Record extracts START
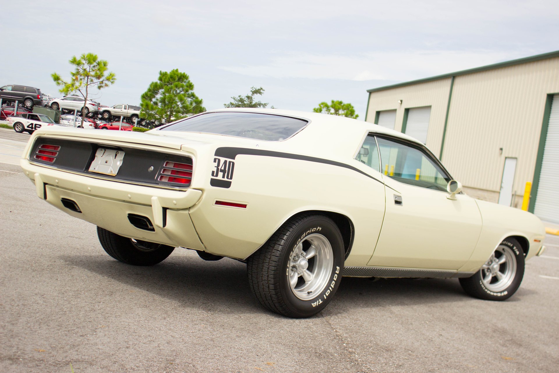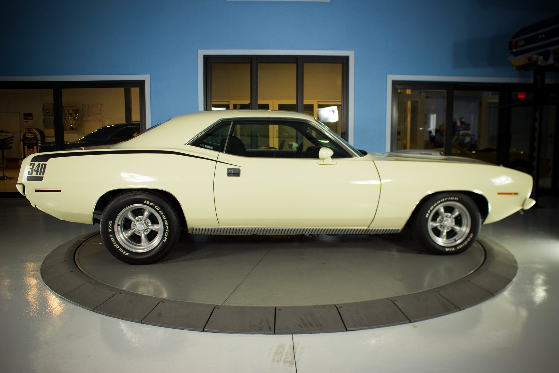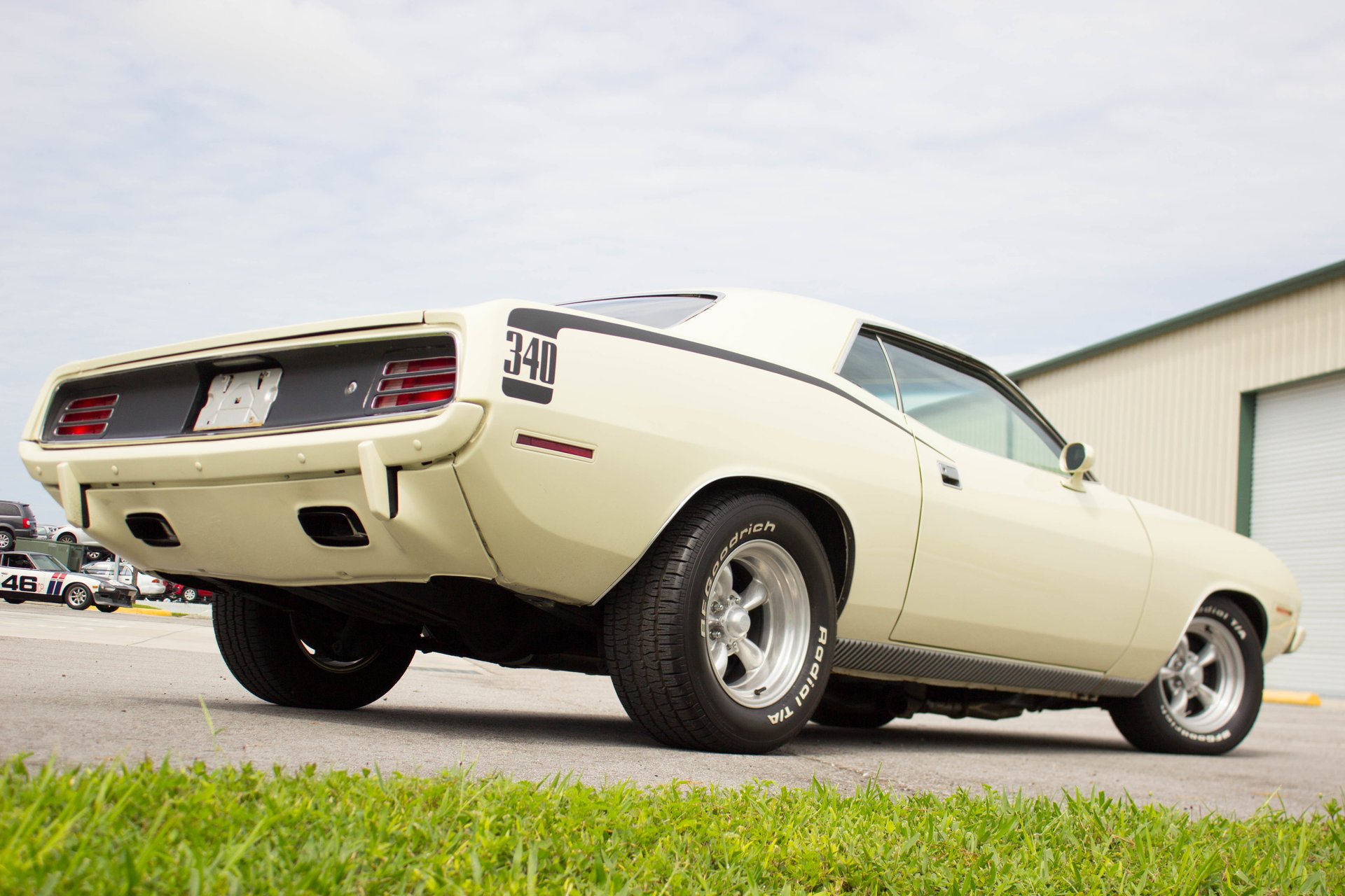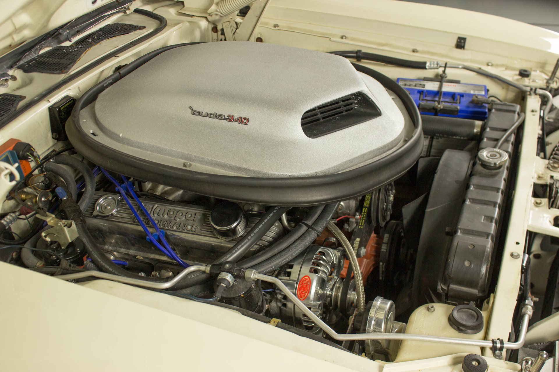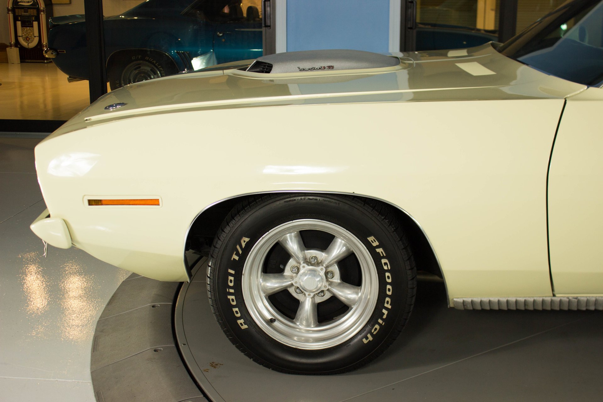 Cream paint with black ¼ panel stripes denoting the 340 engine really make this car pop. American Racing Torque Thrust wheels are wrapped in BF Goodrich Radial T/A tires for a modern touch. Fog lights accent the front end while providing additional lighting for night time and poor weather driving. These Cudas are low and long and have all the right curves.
Record extracts END
Record extracts START
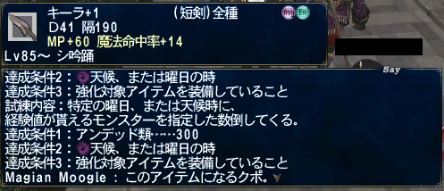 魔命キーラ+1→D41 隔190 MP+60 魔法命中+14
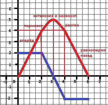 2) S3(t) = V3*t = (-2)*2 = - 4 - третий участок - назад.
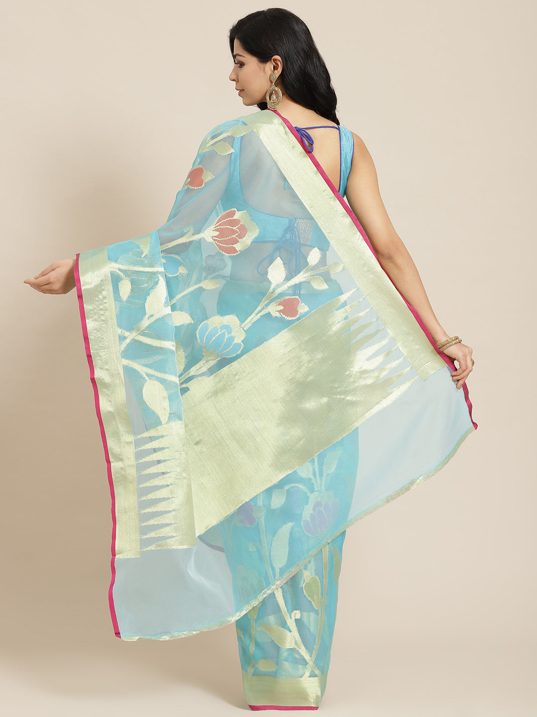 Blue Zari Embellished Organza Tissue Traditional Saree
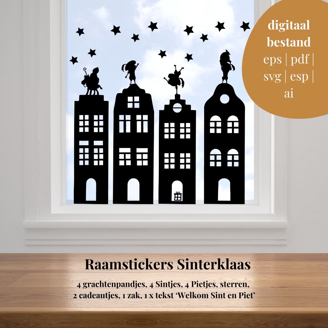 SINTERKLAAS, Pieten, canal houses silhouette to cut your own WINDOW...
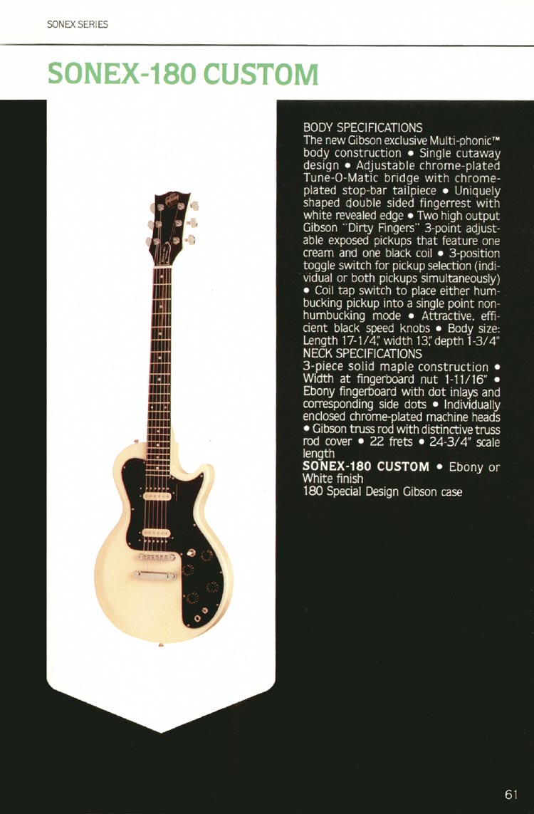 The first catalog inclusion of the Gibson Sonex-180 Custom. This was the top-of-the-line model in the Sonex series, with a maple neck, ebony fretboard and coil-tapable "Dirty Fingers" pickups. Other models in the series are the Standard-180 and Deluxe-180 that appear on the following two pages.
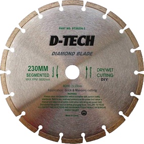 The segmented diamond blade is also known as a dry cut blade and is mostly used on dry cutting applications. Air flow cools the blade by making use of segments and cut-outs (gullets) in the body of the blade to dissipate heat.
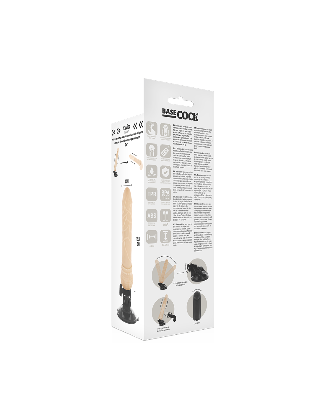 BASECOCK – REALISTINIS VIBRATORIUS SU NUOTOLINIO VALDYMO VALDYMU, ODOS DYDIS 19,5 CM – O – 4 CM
Record extracts END
> **What the exercise asks**: Above are the records; return the lines in them from the one with "The first catalog" to the one with "BASECOCK – REALISTINIS", inclusive, exactly and without images.

> **Response to this task**:
 The first catalog inclusion of the Gibson Sonex-180 Custom. This was the top-of-the-line model in the Sonex series, with a maple neck, ebony fretboard and coil-tapable "Dirty Fingers" pickups. Other models in the series are the Standard-180 and Deluxe-180 that appear on the following two pages.
 The segmented diamond blade is also known as a dry cut blade and is mostly used on dry cutting applications. Air flow cools the blade by making use of segments and cut-outs (gullets) in the body of the blade to dissipate heat.
 BASECOCK – REALISTINIS VIBRATORIUS SU NUOTOLINIO VALDYMO VALDYMU, ODOS DYDIS 19,5 CM – O – 4 CM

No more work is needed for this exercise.